Prawdziwe szaleństwo było natomiast w Manchesterze i Liverpoolu, ale do tego można już przywyknąć. 
 
Dla porównania i przedstawienia liczby zmian, przypominamy zestawienie z ubiegłego roku - http://transfery.info/69366,transferowe-rekordy-klubow-z-premier-league-lato-2014
 
Ranking (wszystkie kwoty w funtach)
 
1. Manchester United FC, Angel di Maria, 59,7 mln
(26.08.2014r. z Realu Madryt)
Transfer z przytupem. Triumfator Ligi Mistrzów, motor napędowy "Królewskich", nieco niedoceniany w Madrycie, stojący w cieniu gwiazd, a mający przywrócić United dawny blask. Tak kreatywnego i przebojowego piłkarza nie było na Old Trafford od czasów Cristiano Ronaldo. Przygoda, która miała być piękna i długa, skończyła się jednak po roku. Argentyńczyk trafił tam, gdzie miał od samego początku, czyli do PSG, pozostawiając po sobie duży niesmak. Choć okazał się najlepszym asystentem, zaliczył zbyt wiele rozczarowujących występów, a przede wszystkim odszedł z klubu w nie najlepszym stylu.
 
Więcej o transferze: TUTAJ
 
2. Manchester City FC, Kevin De Bruyne 55 mln
(30.08.2015r. z Wolfsburga)
Wielkie pieniądze za piłkarza, który w Bundeslidze wykręcał niesamowite liczby. Belgowi talentu na pewno odmówić nie można, aczkolwiek trzeba mieć na względzie jego pierwszą przygodę z Premier League. Chelsea i praca pod okiem Jose Mourinho to jednak zupełnie inna bajka, wielu zawodników sobie nie poradziło. Najbliższe miesiące zweryfikują, czy City ściągając byłego już piłkarza Wolfsburga zrobiło świetny interes i zapewniło sobie mistrzostwo kraju czy jednak wypowiedzi portugalskiego szkoleniowca o mentalności 24-latka były prawdziwe.

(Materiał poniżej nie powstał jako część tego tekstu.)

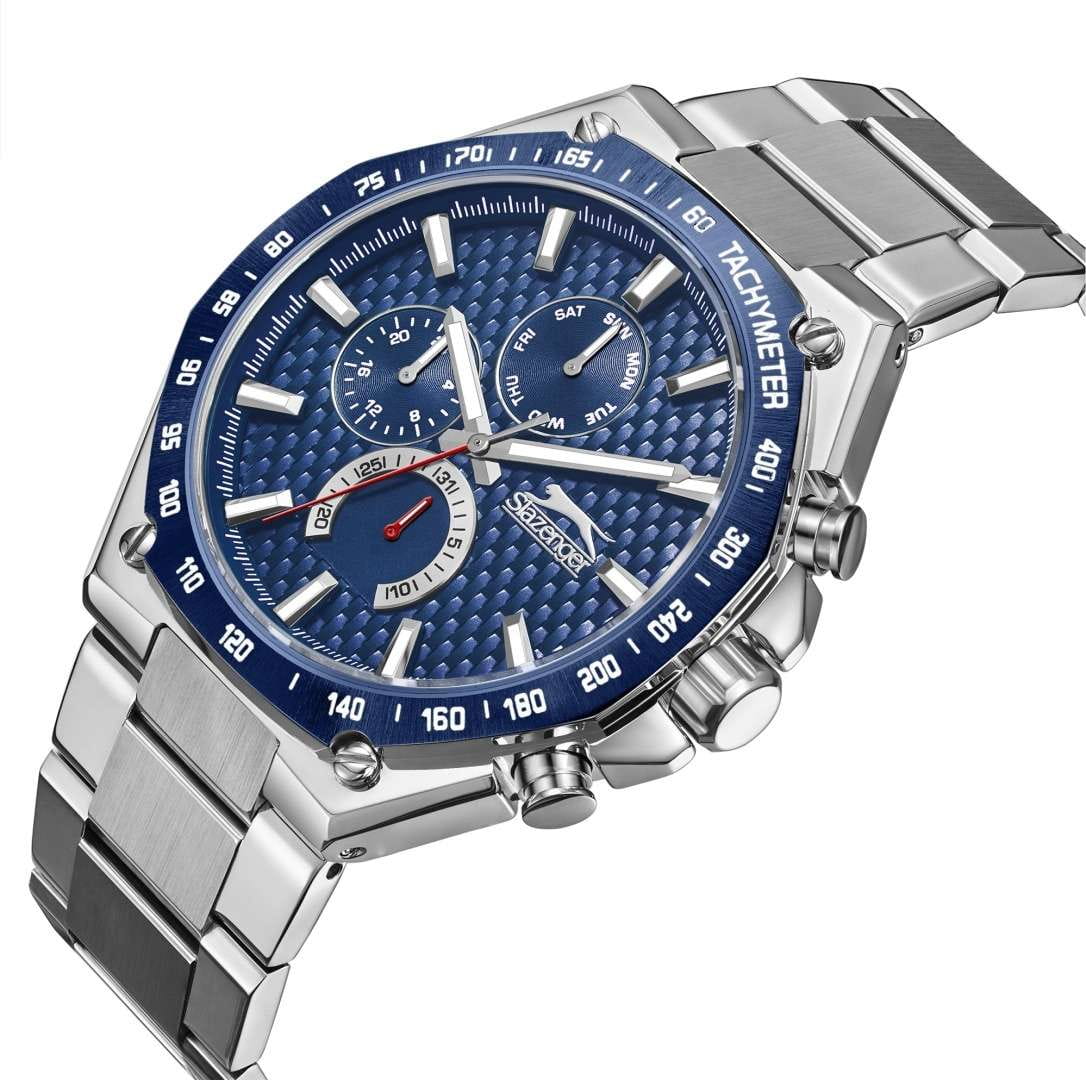 Мужские кварцевые часы Slazenger SL.09.2325.2.02 — это выразительный и функциональный аксессуар, сочетающий стиль, прочность и насыщенную комплектацию. Корпус и браслет выполнены из суперметалла, а циферблат оформлен в синих тонах. Циферблат защищён минеральным стекломМинеральное стеклоМинеральное стекло представляет собой искусственно выращенный минерал кварца. Такое стекло отличается особой устойчивостью к повреждениям и царапинам. Уступает по некоторым качествам сапфировому стеклу. и дополнен вынесенными малыми циферблатами для индикации дня недели, даты и времени в 24-часовом формате. БезельБезельВнешний ободок, закрепляющий стекло. В спортивных часах так называется поворотное кольцо с делениями на циферблате, выполняет роль таймера – замеряет отрезки времени на шкале. Неподвижный безель – элемент декора. Однонаправленно вращающийся безель на дайверских часах позволяет фиксировать моменты погружения и выныривания на поверхность. с IP-покрытиемIP-покрытиеМетод ионного напыления. Демонстрирует повышенную устойчивость к истиранию, окислению и химическим веществам. Под воздействием высокого давления и температуры около 1500°C молекулы металла надёжно соединяются с частицами корпуса часов. дополнен тахиметромТахиметрРазмеченная шкала, располагается на ободке или безеле часов. Тахиметр позволяет рассчитать скорость на определённом участке пути, расстояние измеряется в километрах или милях.. Стрелки и метки оснащены люминесцентным покрытиемЛюминесцентное покрытиеПозволяет считывать показания времени в темноте. Производители наносят на стрелки, часовые индексы, безель или поверхность циферблата светонакопительный состав, дающий холодное свечение., обеспечивающим хорошую читаемость в темноте. Браслет из суперметалла фиксируется на раскладной застёжкеРаскладная застёжкаТакой тип застёжки используется только на браслетах из металла. Она никогда не раскрывается полностью, происходит разделение на 2 и более частей. Раскладывающая застёжка снизит вероятность потери часов к минимуму., обеспечивая удобство и безопасность ношения. Водонепроницаемость 50 м позволяет использовать часы в повседневных условиях, защищая от случайных брызг и капель дождя. Модель подчёркивает индивидуальность владельца и идеально подходит как для повседневного, так и для делового образа.

Więcej o transferze: TUTAJ

3. Chelsea FC, Fernando Torres, 50 mln
(31.08.2011r. z Liverpoolu)
Hit, czy kit? Takie pytanie z perspektywy czasu mogą zadawać sobie kibice „The Blues”, patrząc przez pryzmat dokonań Hiszpana w klubie ze Stamford Bridge. Nie zmienia to faktu, że transfer Torresa z Liverpoolu do Londynu był w chwili jego zrealizowania ogromną, transferową bombą, którą dziś określana jest mianem niewypału. Mimo niezłej gry, jego statystyki strzeleckie, delikatnie mówiąc, nie były imponujące, a według starego piłkarskiego porzekadła, napastnika rozlicza się ze strzelonych bramek, a te przed transferem do Chelsea zdobywał seriami. 
 
Więcej o transferze: TUTAJ
 
4. Arsenal FC, Mesut Özil, 42,5 mln
(02.09.2013r. z Realu Madryt)
Gdy w mediach pojawiła się wieść łącząca Niemca  z Arsenalem, to chyba nawet najwięksi optymiści nie brali na poważnie publikowanych informacji. Wenger i transfer piłkarza wielkiego formatu? Brzmiało abstrakcyjnie. Francuz zaskoczył jednak tych, którzy łączyli go wyłącznie ze sprowadzaniem nastolatków, ściągając nie tylko jednego z kluczowych piłkarzy Realu Madryt, ale przy okazji finalizując wówczas drugi najdroższy transfer w historii angielskiej piłki, który początkowo można było uznać za strzał w dziesiątkę. Zbyt często jednak łapie kontuzje, przez co nie może ustabilizować formy.
 
Więcej o transferze: TUTAJ

5. Liverpool FC, Christian Benteke, 32,5 mln
(22.07.2015r. z Aston Villi)
Nie obeszło się bez aktywowania klauzuli odejścia, choć wyłożenie takich pieniędzy za napastnika Aston Villi budziło różne opinie. Biorąc jednak pod uwagę dostępność napastników, potrzebujący wzmocnień "The Reds" nie mieli wielkiego wyboru. Belg to piłkarz obyty w Premier League i jeśli ciągnął przeciętniaka z Birmingham, powinien sobie poradzić na Anfield. Na chwilę obecną za jego sukces trzeba uznać wymazanie poprzedniego rekordu, który należał do Andy'ego Carrolla, niezwykle niechlubnego transferu w historii Liverpoolu.
 
Więcej o transferze: TUTAJ
 
6. Tottenham Hotspur, Erik Lamela, 30 mln
(30.08.2013r. z AS Roma)
Jeden z wielu głośnych transferów Tottenhamu, który szalał w letnim oknie transferowym, mając w perspektywie pieniądze, jakie przyszło mu uzyskać ze sprzedaży Bale'a. Młody Argentyńczyk nie potrafi się jednak odnaleźć w nowej lidze, przez co ciężko zgodzić się z opiniami, które pojawiały się, gdy opuszczał Romę. Wówczas zapowiadano, że podoła wyzwaniu, jakim jest zastąpienie wspomnianego wyżej Walijczyka. Tego lata był bliski opuszczenia White Hart Lane, ale transfer do Olympique Marsylia w ostatnich godzinach okna ostatecznie nie wypalił.
 
Więcej o transferze: TUTAJ
 
7. Everton FC, Romelu Lukaku, 28 mln
(30.07.2014r. z Chelsea FC)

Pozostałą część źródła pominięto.